H = -p0 * log2( p0 ) + -p1 * log2( p1 )
where: p0 is the probability a bit is zero.
p1 is the probability a bit is one (1 - p0).
A set of coin tosses has p0 = p1 =.5 so its entropy is 1, totally random.
When looking at the entropy of bits in a number then p0 is the percentage
of zero bits. For the binary number, 1010_1111, p0 is .25 (H = 0.811).
Strings of all ones or zeros have no entropy (H = 0). In these examples
we are measuring the bits in a number horizontally.
Bits in a series of numbers have two dimensions - horizontal bits in each
individual value and vertical bits over the duration of the series. We
can also measure entropy vertically over a number series. That means we
can look at a select bit in each value as the series progresses.
For Collatz the low order bit is of interest because it determines if a
number is odd or even. In turn that determines which transition to take.
When the entropy of the low order bit is high then on average there will
be nearly as many even transitions as odds.
Each kind of chain takes a value where the low order bits are a string of
zeros or ones and either removes or replaces them. Even inputs remove low
order zeros. The expression for odd chain inputs has a 2^k term that
transitions to 3^k.
Strings of zeros or ones have no entropy and the 3^k term has positive
entropy. This adds entropy each time a chain of transitions is applied.

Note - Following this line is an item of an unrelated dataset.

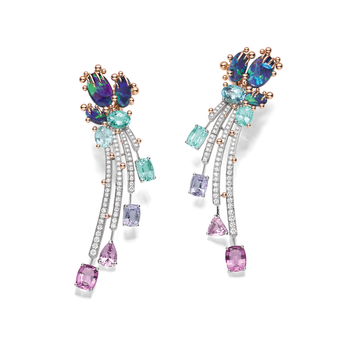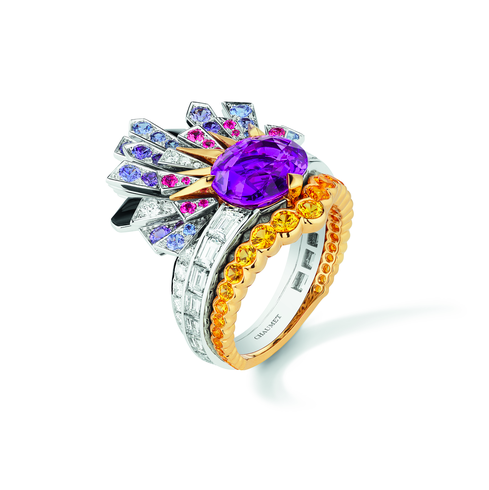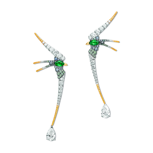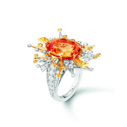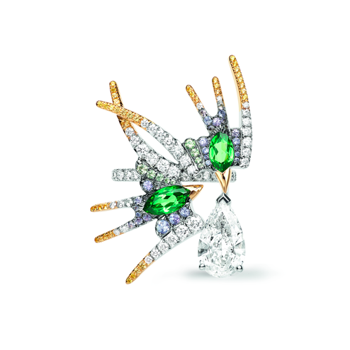 Новая коллекция haute joaillerie Chaumet — это путешествие в поэтический мир небесных грез и прекрасных иллюзий в четырех картинах («Небесные капризы», «Цвет неба», «Зарницы», «Небесные обитатели»). И картины здесь не фигура речи, а руководство к действию. В брошах, колье, кольцах, серьгах, тиарах и часах (всего 91 произведение высокого ювелирного искусства, разброс цен от 120 тыс. за броши до 1,5 млн за колье) оживают птицы с японских гравюр и полотен Пикассо и Матисса, встает золотое солнце Ван Гога, пылают закаты Синьяка, льется свет Куинджи, здесь есть место и солнечному диску с египетских орнаментов, и неоновым абстракциям современных арт-инсталляций. Сквозь облака из белых бриллиантов, как лучи солнца, блестят желтые сапфиры, изумруды, мандариновые гранаты, черные опалы и другие драгоценные камни с завидной родословной.

Removing the low order zeros that have no entropy only increases the
entropy of the result. Entropy is also increased by removing the
repeated ones and replacing them with scrambled bits. The upper bits, j,
are scrambled by multiplying j by a power of 3. This uniformly
randomizes the choice of transition to apply next.
2.1 Losing Information
The seed can be contrived to produce a Collatz series of any desired
length. The longer the series the larger the seed has to be. It has to
contain enough information to influence the desired outcome.
Initially, as the series progresses the information contained in the seed
is lost. When there are two ways to reach the same number in a sequence
we lose the information about which path was taken.
Odd numbers always transition (3 * n + 1) to even numbers so an odd value
cannot be reached from another odd. You can reach certain even numbers
from either an odd or even transition. For example, an output of 16 can
be reached from either 32 or 5.
32 -> 32 / 2 = 16 5 -> 3 * 5 + 1 = 16
Whenever transitioning to an even value such that (even - 1) % 3 = 0
then the previous value could have been either:
2 * even or (even - 1) / 3
For Collatz, a bit of information contained in the seed is lost each time
one of these select even numbers is reached. After all bits in the seed
are scrubbed the initial phase is complete. Any attempt to contrive a
seed to skew results can only directly affect values during this phase.
One way hash functions use this concept of lost information. Secure
hashes have very many ways to reach each hash value. This is how
passwords are encoded so they can be authenticated. In this sense
Collatz is a trivial example of a one way hash.
2.2 Randomization Phase
This next phase is key as the sequence acts as a pseudo random number
generator. Randomized values eventually trend towards their average.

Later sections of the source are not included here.